Technical News from The Portland Group
Accelerating Visual C++ Applications on GPUs
PGI is exploring how to enable Microsoft Visual C++ developers to easily target NVIDIA GPU accelerators. NVIDIA's recently announced Parallel Nsight enables developers to write CUDA C, OpenCL or DirectCompute code for NVIDIA GPUs from within Visual Studio. All of these programming models are explicit models that require re-factoring to split out explicit GPU kernel functions, manage data movement between the host and GPU, configure parallel kernel launches, and manage the GPU memory hierarchy. Is there a way we can provide Visual C++ programmers a higher-level, more incremental and fully portable programming model for accessing the power of GPU accelerators?
The PGI Accelerator Programming Model
The PGI C compiler for Windows supports programming for GPUs using the PGI Accelerator programming model. This model is a directive-based method for guiding the compiler to automatically translate loop nests into code (called kernels) for GPUs. The directives are enabled via a compiler option; without the option, or when compiling the code with another compiler, the directives are treated as comments and ignored. This feature of a directives-based model allows source code to remain compiler-neutral and portable. In C, PGI Accelerator directives are implemented using the pragma mechanism and should look familiar to anyone who has used OpenMP pragmas for multi-core programming.

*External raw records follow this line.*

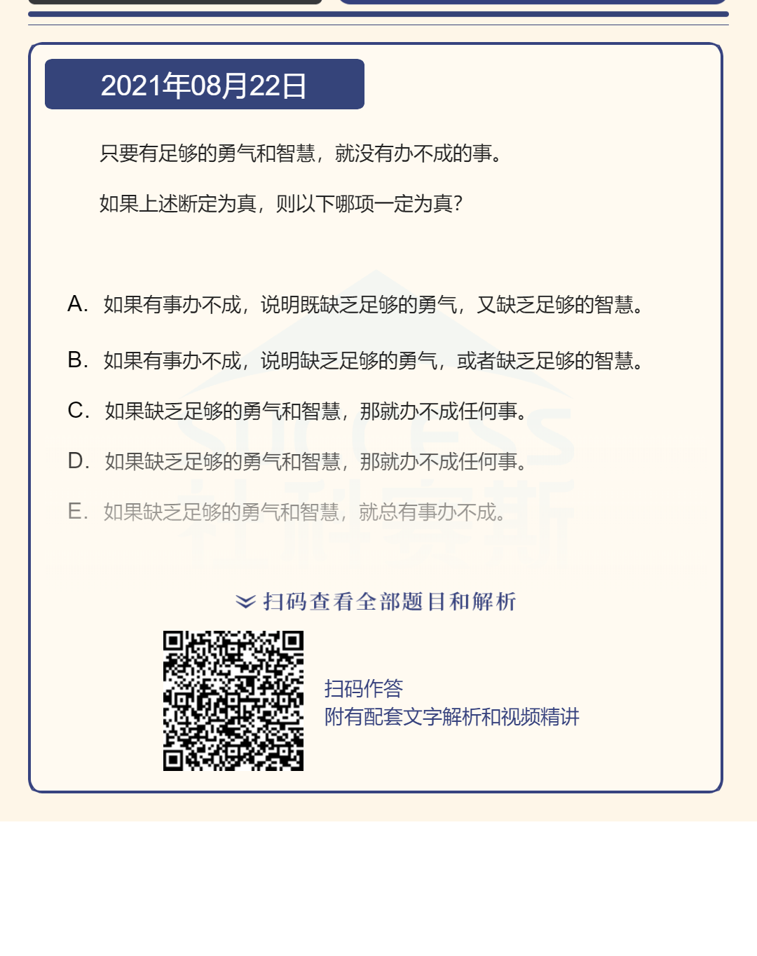 以上就是社科賽斯考研網小編為大家整理邏輯專項練習:8月22日邏輯專項練習及答案的全部內容,希望各位考生堅持利用起來,想要獲取更多內容請持續關注社科賽斯考研網。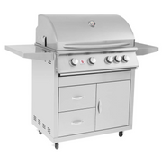Summerset SIZPRO32-CART-SIZ32-SC Sizzler Pro Series Gas Grill On Cart, 32-Inch fuses high end construction and reliable performance to offer an excellent choice for your outdoor kitchen. The grill is built from solid 443 stainless steel construction for lasting durability while the heavy duty grill burners are built from a cast stainless steel to last for years to come. Each of the (4) main grilling burners are rated for 12,000 BTU to provide intense heat when needed, while the signature captured briquette trays ensure evenly distributed radiant heat across the 740in² cooking surface to avoid hot and cold spots. This grill features 8mm thick stainless steel grates for professional style grill marks that are sure to wow.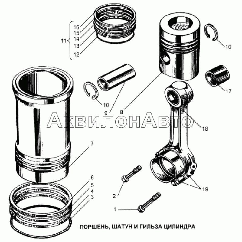 Поршень, шатун и гильза цилиндра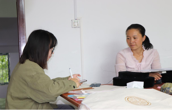 调研团队在对富纳刺绣厂负责人黄梅进行深度访谈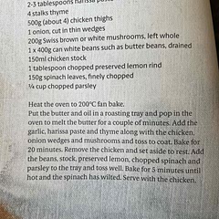 Garlic harissa chicken, mushroom & bean bake - cuisine 218, p40

Creating a PGI Accelerator C Compiler Plug-in for VC++
The PGI C compiler for Windows is not currently available for use within Visual Studio. However, PGI Visual Fortran incorporates the PGI Fortran compiler for Windows, a PGI-custom project system, debug engine and Fortran editing facilities into Visual Studio to create a state-of-the-art Windows Fortran programming environment. PVF projects can be mixed with VC++ projects to create mixed-language solutions, and the PGI debug engine can be used to debug both Fortran and VC++ code.
These capabilities and features give us most of the components we needed to create a Beta-level PGI Accelerator C compiler plug-in for VC++. To create the plug-in, we re-used many elements of PGI Visual Fortran including the PGI debug engine. We incorporated the PGI C compiler, and introduced an option to compile specific files with it in place of Microsoft C++, relying on the VC++ language facility for editing of PGI-compiled C code.
Using the PGI Accelerator C Plug-in within Visual Studio
The first step to programming GPUs using the PGI Accelerator C plug-in for Visual Studio is to find a section of code in an existing VC++ project that is a candidate for offloading onto the GPU. As an example, we’ll use an implementation of the Mersenne Twister pseudorandom number generator originally written by NVIDIA and ported to run on NVIDIA GPUs using PGI Accelerator pragmas by Federico Dal Castello of STMicroelectronics.
The screen shot below shows the serial and OpenMP multi-core versions of the main loop, both of which make calls to the sgenrand_mt() and genrand_mt() functions to do most of the work in the random number generation:
Running the serial and OpenMP versions of the code we see the following:
The performance is measured as "throughput" in megabytes per second, so a larger number is better. Performance scales nearly linearly to two cores of our dual-core Windows 7 system, but does not seem to benefit from hyperthreading.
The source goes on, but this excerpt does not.